Based on these market observations, Avalon selected lithium hydroxide as its target lithium product and conducted process testwork to create a flowsheet to produce it cost-effectively from its lithium mineral (petalite) concentrate which contains few impurities requiring removal from the final product. Lithium hydroxide can also be produced directly from the mineral concentrate without first making an intermediate product such as lithium carbonate. New hydrometallurgical technologies offer an environmentally efficient and relatively low-cost extractive alternative to make lithium hydroxide from the mineral concentrate and achieve the high-purity requirements now demanded by battery makers.

It is clear that new lithium supply sources will be needed to meet the growing demand for batteries for electric vehicles. The Separation Rapids lithium project will be well situated to serve new battery production facilities contemplated in North America. Just one well-known example, the lithium battery Gigafactory of Tesla Motors Inc. in Nevada is expected to consume up to 25,000 tonnes per year of lithium hydroxide after it has reached full production.

Prices for both lithium hydroxide and lithium carbonate have increased significantly in recent years, with the growing demand from the battery sector exceeding supply growth. This is creating upward pressure on prices, a trend that analysts are predicting will likely continue until the market comes back into balance. Lithium hydroxide typically sells at a premium of $2 (U.S.) to $3 (U.S.)/kilogram to lithium carbonate, reflecting higher average production costs.

Avalon has reviewed all publicly available lithium price forecasts. While they all forecast increasing prices, there is considerable variability in absolute price levels predicted for battery-grade lithium chemicals in the future. Lithium hydroxide prices negotiated in 2019 to 2020 (when Avalon may be entering the market) are forecast to range from current price levels of around $11,000 (U.S.)/tonne to as high as $25,000 (U.S.)/tonne (Global Lithium LLC) with the average being around $16,000 (U.S.) to $17,000 (U.S.) /tonne (Benchmark and Global Lithium LLC).
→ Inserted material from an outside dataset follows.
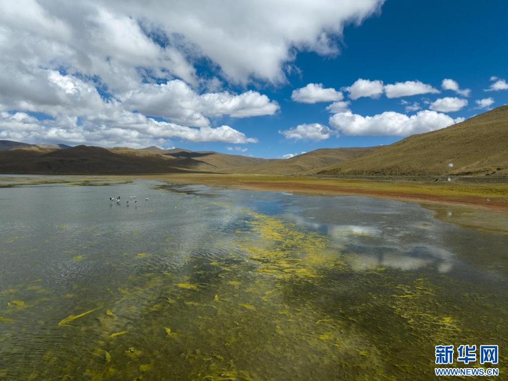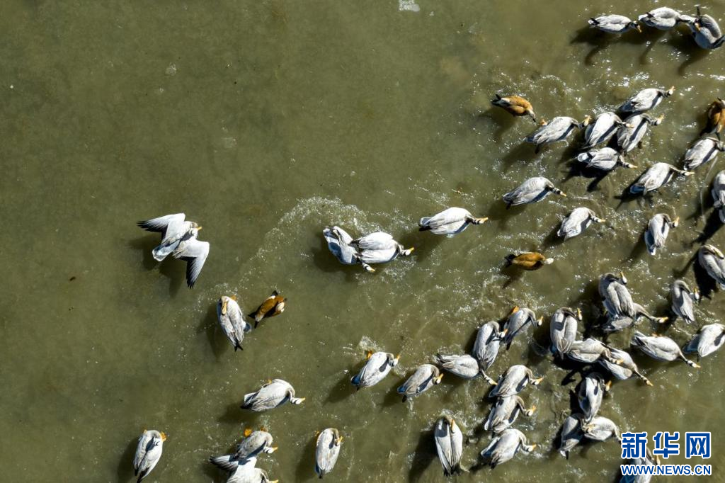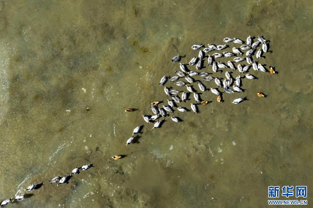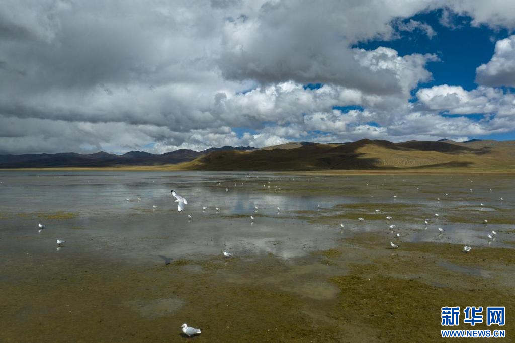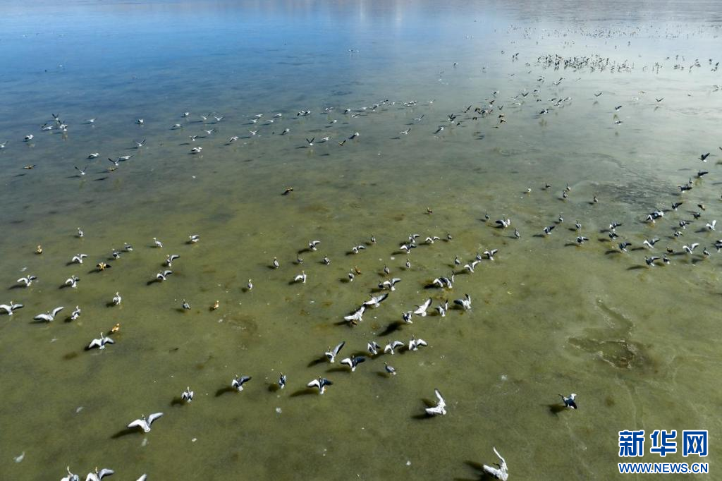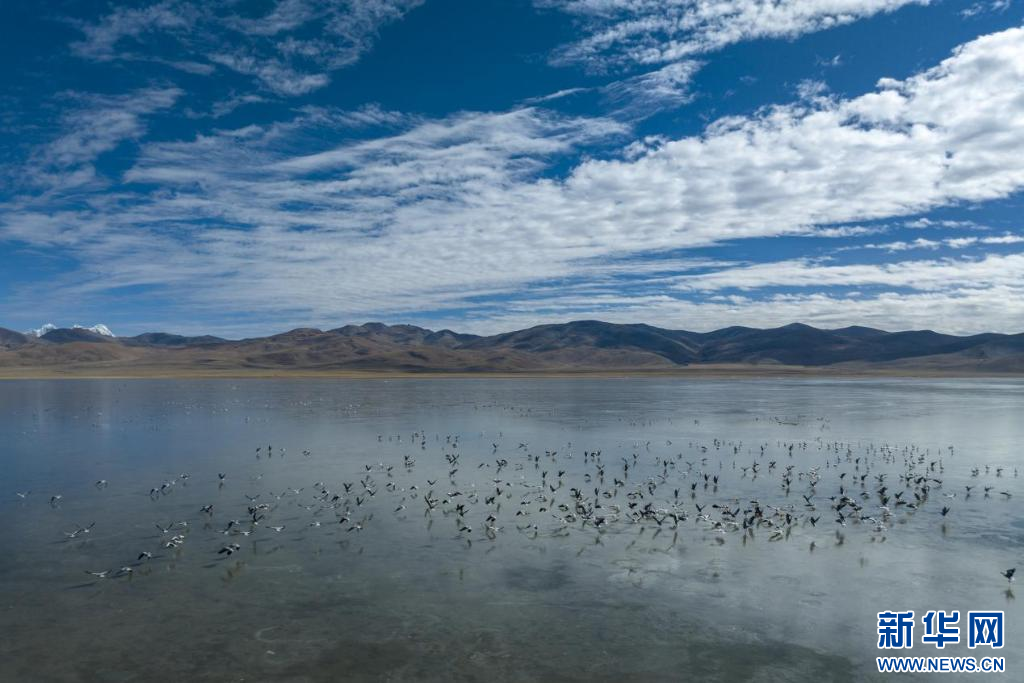 11月17日,在哲古湖拍攝的鳥群(無人機照片)。新華網 旦增努布 攝
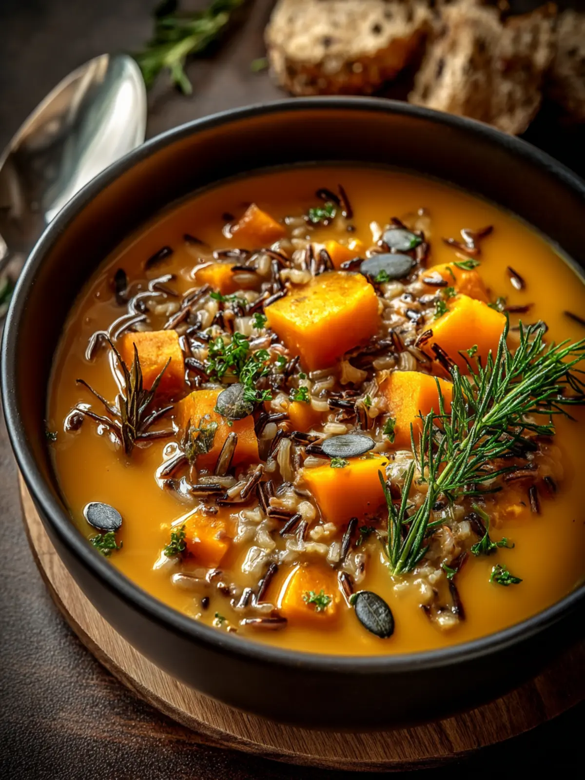 Elevate your cozy nights with Nourishing Vegan Pumpkin Wild Rice Soup by serving it in style. A simple change in presentation can turn an ordinary dinner into a delightful experience.

For the purposes of this PEA, Avalon has used a price assumption of $11,000 (U.S.) per tonne FOB plant for lithium hydroxide. This is consistent with a recent price forecast for the period 2019 to 2020 prepared by Roskill Information Services.

Feldspar

Feldspar is an industrial mineral used commonly in the manufacture of glass and ceramics, also used as a filler and extender in the production of paints, plastics and rubber. The glass market for feldspar in the United States represents the largest market at around 68 per cent, while ceramics account for 23 per cent, and filler and other applications represent less than 10 per cent. Market access depends upon product quality and freight costs to individual markets.
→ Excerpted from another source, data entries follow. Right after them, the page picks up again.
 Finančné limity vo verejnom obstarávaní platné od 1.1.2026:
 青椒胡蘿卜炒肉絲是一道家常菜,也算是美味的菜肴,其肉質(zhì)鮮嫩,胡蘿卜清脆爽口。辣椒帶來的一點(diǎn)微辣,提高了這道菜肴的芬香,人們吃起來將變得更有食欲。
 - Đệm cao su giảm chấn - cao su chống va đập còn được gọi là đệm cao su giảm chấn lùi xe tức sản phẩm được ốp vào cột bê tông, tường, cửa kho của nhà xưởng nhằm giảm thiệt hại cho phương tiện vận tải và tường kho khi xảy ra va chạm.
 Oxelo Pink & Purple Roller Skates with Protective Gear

Global Industry Analysts Inc. (GIAI) projects that between 2015 and 2022 feldspar demand in the United States will grow at a compound annual growth rate of 3.8 per cent to reach approximately 800,000 tonnes per year.

Testwork carried out by Dorfner Anzaplan GmbH, Germany, a specialist in industrial minerals process development, indicates that feldspar from the Separation Rapids deposit has a very low iron content and comparable quality with the feldspars marketed by other North American producers.

Through discussions with market participants and industry experts, and evaluation of data provided in purchased reports and publicly available information, Avalon estimates that 100,000 tonnes per year of feldspar can be sold into the glass, ceramics, frits/glazes and filler markets in the United States, and potentially other markets in Europe and Mexico. However, Avalon has sufficient feed material to produce much greater quantities of feldspar should there be sufficient market demand.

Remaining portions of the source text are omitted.